Blackboard Technique Two points. Make sure the blackboard is spotless. It is particularly important to erase those distracting whirls that are left when we run the eraser over the blackboard in a nonuniform fashion. By starting with a spotless blackboard you will subtly convey the impression that the lecture they are about to hear is equally spotless. Start writing on the top left-hand corner. What we write on the blackboard should correspond to what we want an attentive listener to take down in his notebook.

It is preferable to write slowly and in a large handwriting, with no abbreviations. Those members of the audience who are taking notes are doing us a favor, and it is up to us to help them with their copying. When slides are used instead of the blackboard, the speaker should spend some time explaining each slide, preferably by adding sentences that are inessential, repetitive, or superfluous, so as to allow any member of the audience time to copy our slide.

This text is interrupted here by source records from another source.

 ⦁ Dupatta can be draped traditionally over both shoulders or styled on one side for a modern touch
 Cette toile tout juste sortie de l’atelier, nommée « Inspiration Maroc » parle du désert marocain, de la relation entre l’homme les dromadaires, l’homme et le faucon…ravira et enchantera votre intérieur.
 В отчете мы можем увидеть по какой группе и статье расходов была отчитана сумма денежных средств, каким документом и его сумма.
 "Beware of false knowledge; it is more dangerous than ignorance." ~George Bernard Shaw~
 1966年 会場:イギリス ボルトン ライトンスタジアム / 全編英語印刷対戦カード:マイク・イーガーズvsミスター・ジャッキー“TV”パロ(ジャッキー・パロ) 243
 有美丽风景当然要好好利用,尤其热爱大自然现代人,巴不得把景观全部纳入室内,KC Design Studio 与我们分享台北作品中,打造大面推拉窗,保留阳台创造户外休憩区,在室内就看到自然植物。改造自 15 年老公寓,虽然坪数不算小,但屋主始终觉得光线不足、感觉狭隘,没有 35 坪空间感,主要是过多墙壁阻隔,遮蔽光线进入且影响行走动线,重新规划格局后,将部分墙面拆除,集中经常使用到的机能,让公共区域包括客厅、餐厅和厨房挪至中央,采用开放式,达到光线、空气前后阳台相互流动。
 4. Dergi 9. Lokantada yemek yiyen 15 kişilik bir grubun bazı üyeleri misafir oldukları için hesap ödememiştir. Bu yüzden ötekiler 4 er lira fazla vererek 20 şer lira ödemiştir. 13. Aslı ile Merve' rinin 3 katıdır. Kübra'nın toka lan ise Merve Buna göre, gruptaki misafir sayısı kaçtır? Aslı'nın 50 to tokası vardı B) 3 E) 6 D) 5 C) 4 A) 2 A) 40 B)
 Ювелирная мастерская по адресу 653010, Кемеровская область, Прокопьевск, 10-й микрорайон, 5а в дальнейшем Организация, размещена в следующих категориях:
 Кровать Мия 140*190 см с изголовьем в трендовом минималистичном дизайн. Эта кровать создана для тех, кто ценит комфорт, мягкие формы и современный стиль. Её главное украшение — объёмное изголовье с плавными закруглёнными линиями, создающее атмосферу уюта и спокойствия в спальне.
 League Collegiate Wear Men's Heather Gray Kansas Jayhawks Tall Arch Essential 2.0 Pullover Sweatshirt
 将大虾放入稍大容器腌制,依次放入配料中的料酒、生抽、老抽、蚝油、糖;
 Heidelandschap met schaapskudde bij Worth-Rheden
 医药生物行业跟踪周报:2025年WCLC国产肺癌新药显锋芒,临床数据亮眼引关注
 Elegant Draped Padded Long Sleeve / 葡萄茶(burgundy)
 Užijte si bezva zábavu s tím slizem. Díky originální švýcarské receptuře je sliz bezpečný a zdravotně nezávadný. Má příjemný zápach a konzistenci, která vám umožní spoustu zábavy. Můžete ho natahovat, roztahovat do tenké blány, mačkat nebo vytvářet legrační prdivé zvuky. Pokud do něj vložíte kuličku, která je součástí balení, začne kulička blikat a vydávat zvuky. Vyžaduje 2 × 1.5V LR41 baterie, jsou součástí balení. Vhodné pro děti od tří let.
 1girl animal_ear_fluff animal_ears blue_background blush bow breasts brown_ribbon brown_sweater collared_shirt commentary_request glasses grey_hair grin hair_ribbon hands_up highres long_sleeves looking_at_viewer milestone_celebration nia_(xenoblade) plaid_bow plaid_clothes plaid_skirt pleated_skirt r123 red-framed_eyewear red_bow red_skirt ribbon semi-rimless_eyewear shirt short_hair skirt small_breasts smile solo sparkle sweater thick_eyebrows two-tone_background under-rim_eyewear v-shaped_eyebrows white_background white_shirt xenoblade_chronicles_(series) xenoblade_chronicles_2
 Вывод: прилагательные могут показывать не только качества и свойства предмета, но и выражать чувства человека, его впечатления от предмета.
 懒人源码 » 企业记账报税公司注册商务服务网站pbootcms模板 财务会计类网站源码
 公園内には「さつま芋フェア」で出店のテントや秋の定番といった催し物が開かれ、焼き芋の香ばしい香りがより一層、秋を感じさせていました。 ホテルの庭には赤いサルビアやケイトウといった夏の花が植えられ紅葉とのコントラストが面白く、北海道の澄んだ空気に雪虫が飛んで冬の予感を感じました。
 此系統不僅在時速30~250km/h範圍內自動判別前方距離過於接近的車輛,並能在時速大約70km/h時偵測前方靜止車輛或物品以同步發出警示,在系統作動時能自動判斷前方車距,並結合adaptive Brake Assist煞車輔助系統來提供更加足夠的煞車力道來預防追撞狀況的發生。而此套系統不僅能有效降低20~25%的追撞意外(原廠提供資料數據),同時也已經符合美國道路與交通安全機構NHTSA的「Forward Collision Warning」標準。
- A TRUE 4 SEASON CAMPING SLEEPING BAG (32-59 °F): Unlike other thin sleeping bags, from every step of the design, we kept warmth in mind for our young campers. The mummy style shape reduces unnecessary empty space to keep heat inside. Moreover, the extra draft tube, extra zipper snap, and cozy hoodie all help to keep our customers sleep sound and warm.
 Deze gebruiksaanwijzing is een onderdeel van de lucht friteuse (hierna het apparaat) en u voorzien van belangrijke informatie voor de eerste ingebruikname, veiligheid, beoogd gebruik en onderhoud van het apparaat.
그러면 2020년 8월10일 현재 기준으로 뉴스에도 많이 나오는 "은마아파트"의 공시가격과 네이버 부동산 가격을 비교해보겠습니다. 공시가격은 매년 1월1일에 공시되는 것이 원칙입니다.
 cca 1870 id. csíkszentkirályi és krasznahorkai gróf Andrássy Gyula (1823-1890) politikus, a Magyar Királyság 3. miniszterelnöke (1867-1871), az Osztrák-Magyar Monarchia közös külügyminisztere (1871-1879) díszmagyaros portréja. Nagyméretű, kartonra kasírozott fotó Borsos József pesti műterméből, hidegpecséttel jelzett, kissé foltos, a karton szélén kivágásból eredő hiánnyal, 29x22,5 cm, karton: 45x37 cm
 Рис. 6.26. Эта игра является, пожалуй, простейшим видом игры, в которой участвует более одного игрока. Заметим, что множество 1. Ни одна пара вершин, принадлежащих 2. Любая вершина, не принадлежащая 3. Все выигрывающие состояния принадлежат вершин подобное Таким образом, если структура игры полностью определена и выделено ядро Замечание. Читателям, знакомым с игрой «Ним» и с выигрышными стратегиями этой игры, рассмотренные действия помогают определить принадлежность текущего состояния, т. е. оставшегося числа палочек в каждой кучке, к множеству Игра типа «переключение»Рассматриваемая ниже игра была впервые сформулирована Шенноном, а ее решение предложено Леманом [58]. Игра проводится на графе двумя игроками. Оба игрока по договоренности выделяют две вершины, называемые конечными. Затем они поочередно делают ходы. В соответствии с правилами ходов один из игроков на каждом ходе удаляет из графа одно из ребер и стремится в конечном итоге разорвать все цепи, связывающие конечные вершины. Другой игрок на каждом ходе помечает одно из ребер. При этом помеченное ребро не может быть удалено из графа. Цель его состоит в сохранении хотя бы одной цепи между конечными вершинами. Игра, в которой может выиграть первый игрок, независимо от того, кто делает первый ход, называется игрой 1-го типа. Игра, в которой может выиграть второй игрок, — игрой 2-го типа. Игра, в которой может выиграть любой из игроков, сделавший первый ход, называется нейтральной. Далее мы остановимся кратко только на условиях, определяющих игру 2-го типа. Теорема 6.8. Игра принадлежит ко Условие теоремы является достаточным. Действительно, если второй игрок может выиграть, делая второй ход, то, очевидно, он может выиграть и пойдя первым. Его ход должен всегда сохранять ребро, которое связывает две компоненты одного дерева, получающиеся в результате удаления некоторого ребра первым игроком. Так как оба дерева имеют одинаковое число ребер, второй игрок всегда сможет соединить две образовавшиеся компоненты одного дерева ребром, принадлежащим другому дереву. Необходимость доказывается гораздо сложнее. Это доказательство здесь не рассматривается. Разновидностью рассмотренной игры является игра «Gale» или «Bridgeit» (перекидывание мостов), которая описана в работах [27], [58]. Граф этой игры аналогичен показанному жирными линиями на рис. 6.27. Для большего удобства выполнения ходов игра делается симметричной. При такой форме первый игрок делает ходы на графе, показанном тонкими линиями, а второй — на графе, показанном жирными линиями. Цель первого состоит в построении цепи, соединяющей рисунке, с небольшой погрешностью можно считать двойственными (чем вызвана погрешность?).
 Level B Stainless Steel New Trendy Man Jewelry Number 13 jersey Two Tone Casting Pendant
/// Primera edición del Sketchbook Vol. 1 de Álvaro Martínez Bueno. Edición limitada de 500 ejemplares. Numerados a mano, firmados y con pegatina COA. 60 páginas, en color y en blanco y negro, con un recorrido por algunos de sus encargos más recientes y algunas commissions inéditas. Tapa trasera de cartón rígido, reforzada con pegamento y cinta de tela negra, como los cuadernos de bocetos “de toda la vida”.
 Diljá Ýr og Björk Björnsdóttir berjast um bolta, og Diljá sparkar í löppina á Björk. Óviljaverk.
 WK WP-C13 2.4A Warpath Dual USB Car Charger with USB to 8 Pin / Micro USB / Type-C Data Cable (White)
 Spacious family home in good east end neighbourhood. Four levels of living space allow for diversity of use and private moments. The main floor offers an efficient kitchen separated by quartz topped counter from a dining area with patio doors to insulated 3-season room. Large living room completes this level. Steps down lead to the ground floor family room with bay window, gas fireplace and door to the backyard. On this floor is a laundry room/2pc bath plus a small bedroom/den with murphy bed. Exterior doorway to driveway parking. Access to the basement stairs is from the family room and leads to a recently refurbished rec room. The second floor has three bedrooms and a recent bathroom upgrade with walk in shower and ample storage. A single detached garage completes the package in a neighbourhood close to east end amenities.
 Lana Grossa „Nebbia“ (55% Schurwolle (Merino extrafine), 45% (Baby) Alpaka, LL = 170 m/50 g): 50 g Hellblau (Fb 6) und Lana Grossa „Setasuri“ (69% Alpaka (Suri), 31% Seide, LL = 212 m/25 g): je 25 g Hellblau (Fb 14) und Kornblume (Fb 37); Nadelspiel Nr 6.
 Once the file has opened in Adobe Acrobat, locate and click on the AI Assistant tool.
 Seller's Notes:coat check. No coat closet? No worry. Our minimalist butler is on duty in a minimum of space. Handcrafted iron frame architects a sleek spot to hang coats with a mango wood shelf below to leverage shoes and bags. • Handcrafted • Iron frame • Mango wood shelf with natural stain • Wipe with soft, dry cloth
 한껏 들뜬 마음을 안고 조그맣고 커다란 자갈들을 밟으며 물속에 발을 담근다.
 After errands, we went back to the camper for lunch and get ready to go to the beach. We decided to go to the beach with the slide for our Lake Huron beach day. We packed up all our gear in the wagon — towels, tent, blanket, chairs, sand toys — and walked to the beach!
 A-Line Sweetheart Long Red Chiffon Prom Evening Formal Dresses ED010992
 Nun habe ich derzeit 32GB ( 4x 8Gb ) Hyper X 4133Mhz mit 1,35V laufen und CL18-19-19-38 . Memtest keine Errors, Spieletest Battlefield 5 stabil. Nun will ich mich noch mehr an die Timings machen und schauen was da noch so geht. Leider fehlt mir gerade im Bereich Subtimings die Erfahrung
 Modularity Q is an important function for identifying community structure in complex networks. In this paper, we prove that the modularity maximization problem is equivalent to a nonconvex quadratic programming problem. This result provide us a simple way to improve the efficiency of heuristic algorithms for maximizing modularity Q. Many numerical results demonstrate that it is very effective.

We all fall prey to the illusion that a listener will find the time to read the copy of the slides we hand them after the lecture. This is wishful thinking. I bought a copy of Frederick Riesz's Collected Papers as soon as the big, thick, heavy, oversize volume was published. However, as I began to leaf through, I could not help but notice that the pages were extra thick, almost like cardboard. Strangely, each of Riesz's publications had been reset in exceptionally large type. I was fond of Riesz's papers, which were invariably beautifully written and gave the reader a feeling of definitiveness.

As I looked through his Collected Papers , however, another picture emerged. The editors had gone out of their way to publish every little scrap Riesz had ever published. It was clear that Riesz's publications were few. What is more surprising is that the papers had been published several times.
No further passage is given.